Common Types of Phishing
-
Spear Phishing
A targeted attempt to get private information from victims for malicious purposes through their personal information such as their acquaintances, employer, and etc. The attackers then pose as a trusted person or source to obtain private information.
-
Email Phishing
A phishing where emails are created to seem exactly like those sent by legitimate businesses. Links in the emails frequently take recipients to "fake" or "spoofed" websites where they are prompted for personal information.
-
Clone Phishing
A phishing where the attacker copies or clones an authentic email to spread malware by intercepting the communication, modifying it, and then resending it to their targets.
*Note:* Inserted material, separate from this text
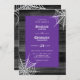Halloween wedding invitation, design purple and rustic wood. Creepy cobwebs on dark rustic background with orange, a design ideal for a Halloween wedding, October wedding, rustic goth wedding.

A malicious attachment or link has been included to the email.
-
Pop-Up Phishing
A fraud in which pop-up advertisements persuade customers to buy unnecessary antivirus protection or deceive them into downloading malware. These pop-up ads sometimes use scare tactics.
Don’t Take the Bait! Here’s to Avoid Phishing Attacks
Did you know? Facebook and Google once got tricked by a Lithuanian man who managed to lure them into wiring him over $100 million after impersonating Quanta Computer, which actually does business with the tech giants, through phishing emails with fake invoices, contracts and letters. Even two of the world's largest tech companies have fallen into phishing scams.
As today's phishing attacks are getting more sophisticated, the best you can do is to avoid them. How?
-
If it’s from a public domain email, don’t open it!
Except for small operations, most organizations will have their own email domain. If the email comes from an address that isn’t affiliated with the apparent sender, it’s almost certainly a scam.
-
Be meticulous! Check if the domain is misspelled
Unfortunately, anyone can create domains that are identical to the ones being faked. Remember, all it takes for hackers to successfully do their operation is one employee's error.
-
If there’s any suspicious attachment or link, leave it!
Never click on a link or attachment unless the sender is from a legitimate party. Your device will be infected with malware that can perform a variety of malicious actions.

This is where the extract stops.